Physarum - electron microscope image

This is a slice through a slime mould vein - they're very busy inside. Electron microscopes only make black and white images but we often colour them in to make it easier to see what's going on. Have a look below to see a labelled version

A labeled micrograph of a slime mould

Membranes - there are a lot of membranes in cells - anywhere you see a boundary with a thin dark line on this picture is a membrane. They're made of oils and keep different parts of a cell separated. If you look closely around the nucleus you can see it has a double layer and tiny gaps called nuclear pores to control what goes in and out of the nucleus.

Ectoplasm - ordinary cells just have 'cytoplasm' - the goo inside that contains everything. Slime moulds have two layers - the ectoplasm is the bit with all the normal cell stuff in it - it's on the outside layer of the veins.

Endoplasm - the other layer, it's much more liquid than the ectoplasm, it's the fluid in the veins and contains dissolved food and other goodies.

Endocytosis - cell membranes are constantly on the move. To get something big (like a tasty bit of oat flake) inside a cell they can fold in and form a funnel around the target that pinches off to make a tiny bubble called a vesicle. The opposite - spitting things out is called exocytosis.

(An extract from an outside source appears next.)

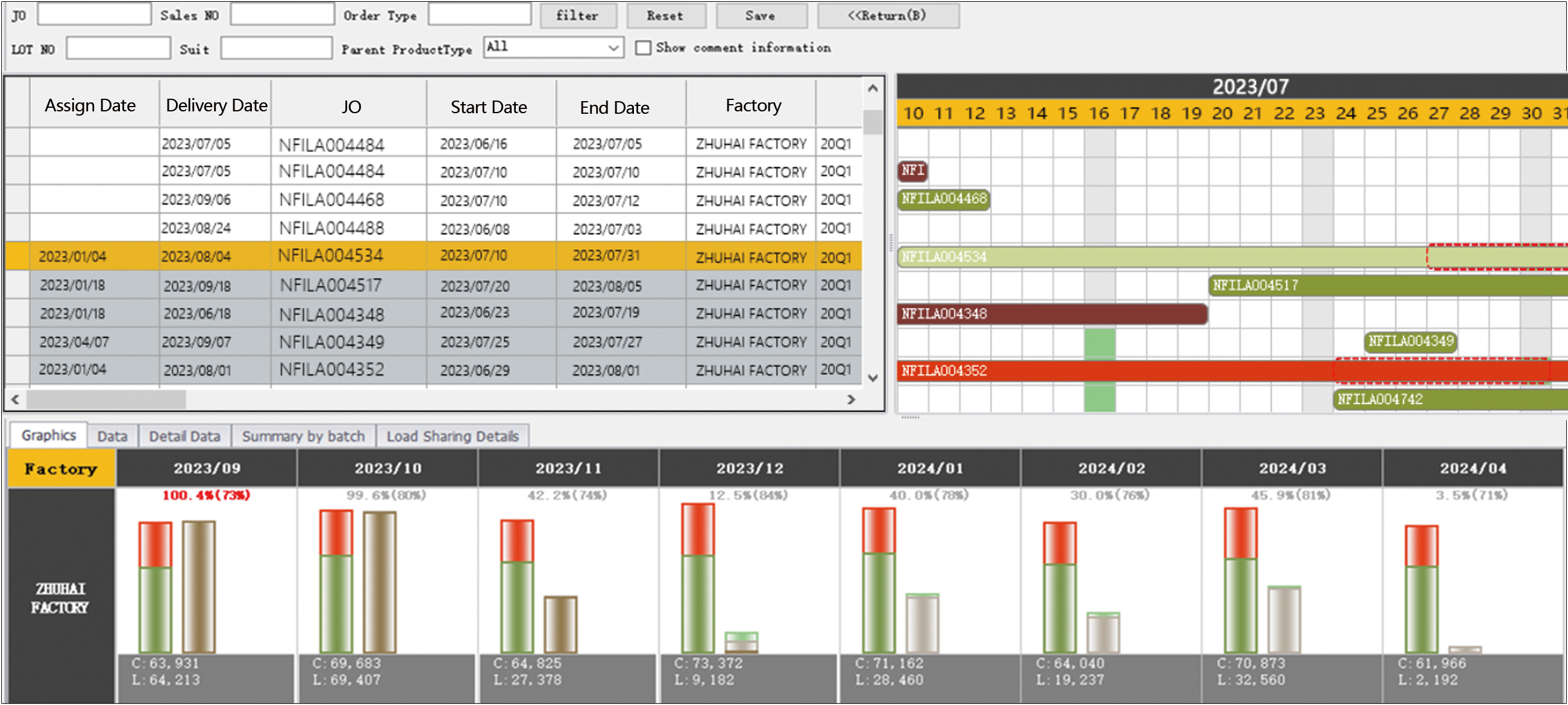 亿澳斯APS系统能快速精确的计算出未来十二个月内的产能负荷情况,为决策者实时提供接单、生产外发、准时交货依据,彻底解决了过去产能负荷无法评估或评估不准确的问题。
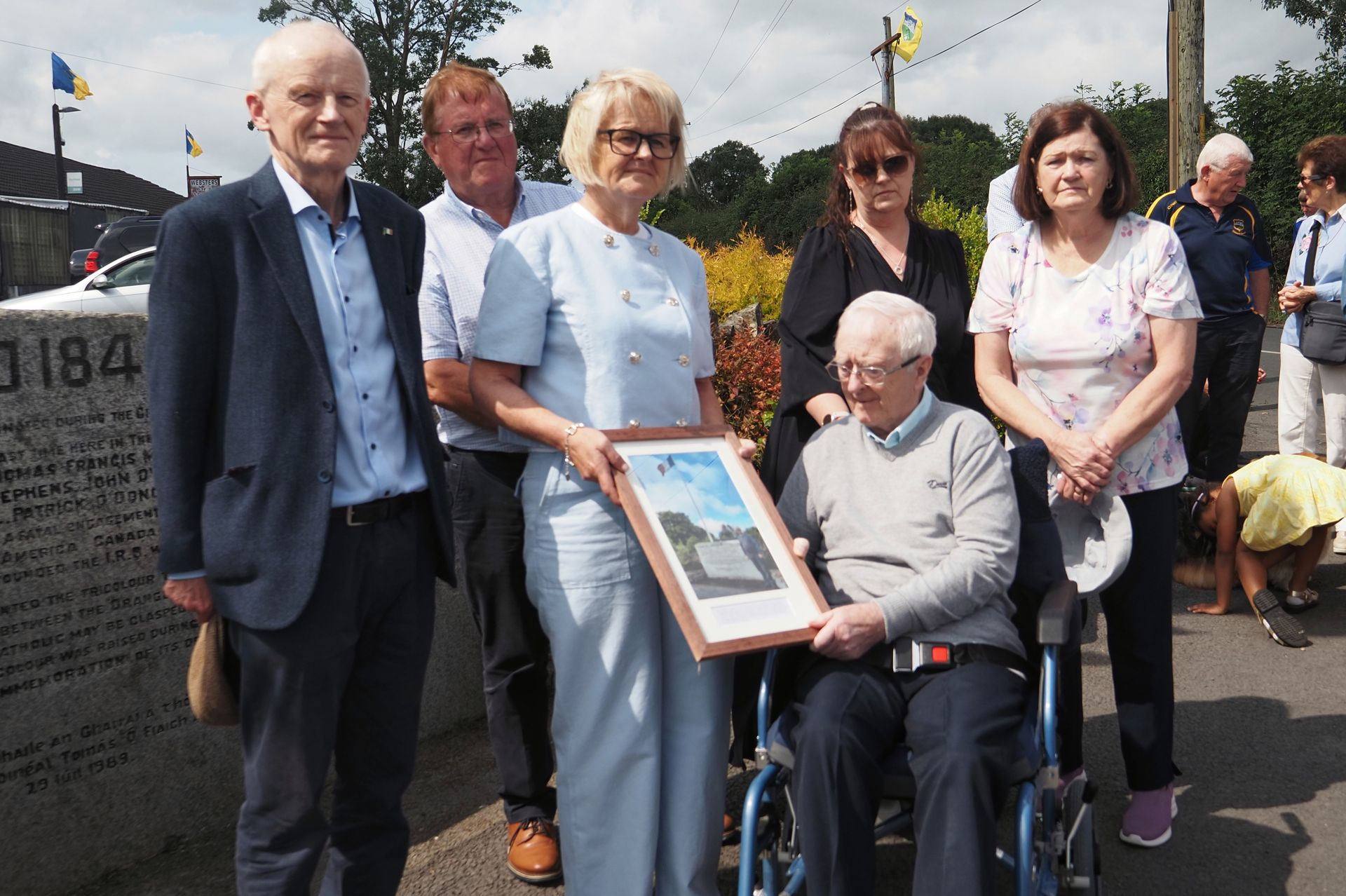 Senator Imelda Goldsboro makes a presentation to John Webster at the National Flag monument in The Commons. Also in the picture, John's wife Mary Webster, daughter Elaine Webster, Dr Thomas Mc Grath and Martin Maher of the

Mitochondrion - These organelles make energy for the cell - they break down sugar and use it to make ATP which is a sort of portable energy source for chemical reactions in the cell.

Nucleus - the bit with the DNA, it takes in information from the rest of the cell and sends out instructions on what proteins to make. The dark patches are nucleoli - areas where the DNA has been opened up for copying.

Lysosomes - special vesicles that contain powerful digestive enzymes that digest and reuse old and damaged bits of the cell.